The wall-normal dispersive stresses \(\left <\tilde {u}_{3}\tilde {u}_{3}\right >\), shown in Fig. 7b, are significantly weaker than the wall-normal Reynolds stresses with peak values of \(\lesssim 20\%\) of the corresponding Reynolds-stress peaks. The highest levels of \(\left <\tilde {u}_{3}\tilde {u}_{3}\right >\) are attained within the rough surfaces, while above the rough surface \(\left <\tilde {u}_{3}\tilde {u}_{3}\right >\) soon decays to close to zero values. Multiple peaks can be observed for \(\left <\tilde {u}_{3}\tilde {u}_{3}\right >\) for the spanwise anisotropic surfaces. This may be caused by recirculating flows induced between the ribs of these surfaces, which would be consistent with the higher negative values of the DA mean streamwise velocity observed for cases with SAR < 1 within the lower part of the rough surface.
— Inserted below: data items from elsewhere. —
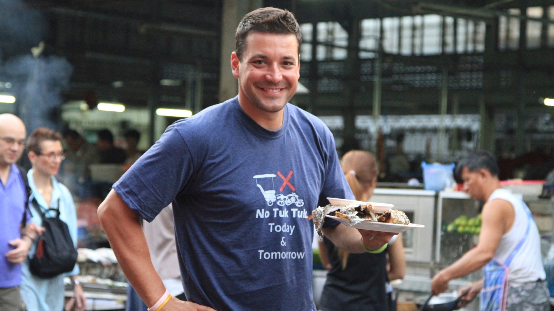 We pulled into a small street crammed with vendors and saw people exchanging money for street food, one street over was our hotel; Silom City Hotel ( www.silomcityhotel.com ). After throwing our stuff in the room, we went exploring the busy city streets. It had that big city feel with tons of traffic including tuk-tuk’s weaving in and out of traffic as well as tons of shopping and enough food to keep us busy all day. After some walking around, we found a small “no frills” place. It had basic tables with basic chairs and several pots full of various Thai food simmering behind the counter. There was a small weathered sign up on the wall showing this place was listed #1 on a CNN list of 50 best foods in the world. We of course ordered the best dish, Pork Mussaman Curry and a Phad Thai…oh and by the way…each dish was 80 Baht which is about $2.60! It was very good…it was sweet but spicy with a coconut undertone-yum.
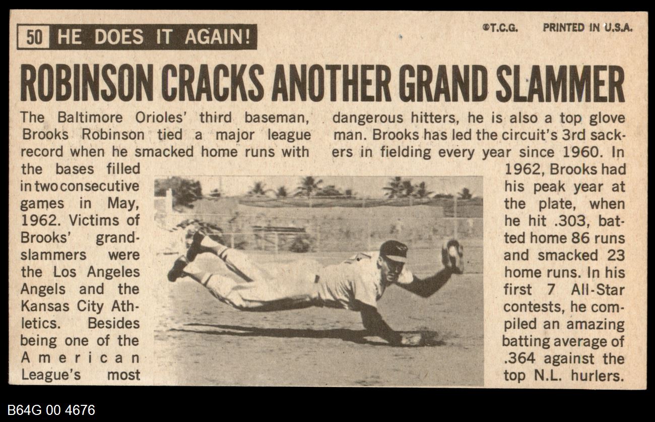 | 1964 Topps Giants #50 Brooks Robinson | 6 - EX/MT | Front | Back |
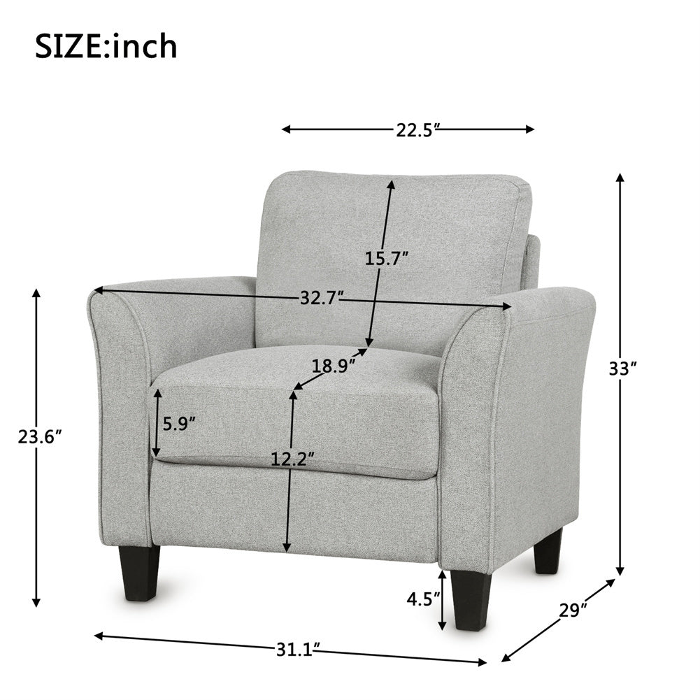 Cfowner Lowestbes Single Couch, Armrest Sofa Single Chair Sofa, Living Room Furniture Fabric Couch for Adult, Light Gray

The levels of the dispersive shear stress \(-\left <\tilde {u}_{1}\tilde {u}_{3}\right >\) are significantly lower with peak levels of less than 1/4 of the Reynolds shear stress values. Above the rough surface, dispersive shear stress levels are very low, as should be expected based on the observed outer-layer similarity of the Reynolds shear stress. Within the surface, negative values of \(-\left <\tilde {u}_{1}\tilde {u}_{3}\right >\) occur for the spanwise anisotropic surfaces (SAR < 1). This would be consistent with recirculating, vortical structures in the mean flow between the transverse ribs of these surfaces.
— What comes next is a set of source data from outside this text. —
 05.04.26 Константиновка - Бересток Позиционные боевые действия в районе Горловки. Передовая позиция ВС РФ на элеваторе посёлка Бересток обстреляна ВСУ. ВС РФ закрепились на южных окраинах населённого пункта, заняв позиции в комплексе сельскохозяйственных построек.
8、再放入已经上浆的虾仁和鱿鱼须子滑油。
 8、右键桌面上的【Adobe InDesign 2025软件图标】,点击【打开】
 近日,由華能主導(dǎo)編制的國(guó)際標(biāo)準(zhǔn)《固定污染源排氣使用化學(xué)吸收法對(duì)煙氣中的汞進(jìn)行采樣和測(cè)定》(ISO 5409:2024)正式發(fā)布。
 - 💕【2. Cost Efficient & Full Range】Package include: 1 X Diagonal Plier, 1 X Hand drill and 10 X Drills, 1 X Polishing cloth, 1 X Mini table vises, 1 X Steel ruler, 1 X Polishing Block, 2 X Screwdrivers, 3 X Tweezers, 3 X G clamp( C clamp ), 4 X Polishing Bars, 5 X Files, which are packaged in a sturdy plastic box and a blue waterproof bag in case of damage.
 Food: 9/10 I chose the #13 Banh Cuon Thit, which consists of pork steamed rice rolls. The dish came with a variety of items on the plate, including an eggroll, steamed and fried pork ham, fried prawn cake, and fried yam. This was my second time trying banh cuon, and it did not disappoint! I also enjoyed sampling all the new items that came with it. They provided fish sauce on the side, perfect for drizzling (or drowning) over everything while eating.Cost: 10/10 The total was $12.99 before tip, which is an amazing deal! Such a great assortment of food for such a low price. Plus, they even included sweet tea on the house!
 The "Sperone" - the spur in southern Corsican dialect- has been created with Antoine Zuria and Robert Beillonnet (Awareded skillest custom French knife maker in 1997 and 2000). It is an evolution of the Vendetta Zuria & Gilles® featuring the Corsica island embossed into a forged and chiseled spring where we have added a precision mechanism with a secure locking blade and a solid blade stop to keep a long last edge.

4.4 Local dispersive and Reynolds stresses within the roughness canopy
The spanwise variations in the time-averaged flow field, shown in Fig. 9d–f, exhibit the highest positive and negative values just upstream of the peaks where the mean flow is diverted to the positive and negative spanwise direction to circumnavigate a peak. This behaviour is strongly influenced by the typical peak shape and orientation. For the strongly spanwise anisotropic case S_{18}, high levels of \(\tilde {u}_{2}\) can be observed upstream of the peaks that also show longer coherence in the spanwise direction compared to the isotropic and streamwise anisotropic cases. For the isotropic case S_{11}, the typical negative - positive pattern is still predominant upstream of the peaks, however this occurs over significantly shorter distances in the spanwise direction, as the peaks are narrower. For the strongly streamwise anisotropic case S_{81}, the negative-positive peak circumnavigation pattern is far less prevalent than for S_{11} and S_{18}, and a lot of the observed moderate \(\tilde {u}_{2}\) values seem to be induced by the underlying surface pattern that promotes the streamwise channeling of \(\tilde {u}_{1}\) discussed above.
The local time-averaged spanwise normal Reynolds stress (see Fig. 10d–f) also shows the lowest values in the wakes behind roughness elements. The highest values of \(\overline {u_{2}^{\prime }u_{2}^{\prime }}\) typically occur just upstream of the peaks, where the mean flow is diverted around the peaks (see discussion for \(\tilde {u}_{2}\) above). As wider peaks promote higher spanwise local Reynolds stresses over a wider region, the higher observed levels of spanwise normal Reynolds stresses in Fig. 6 for cases with SAR < 1 can also be related to the typical peak shape.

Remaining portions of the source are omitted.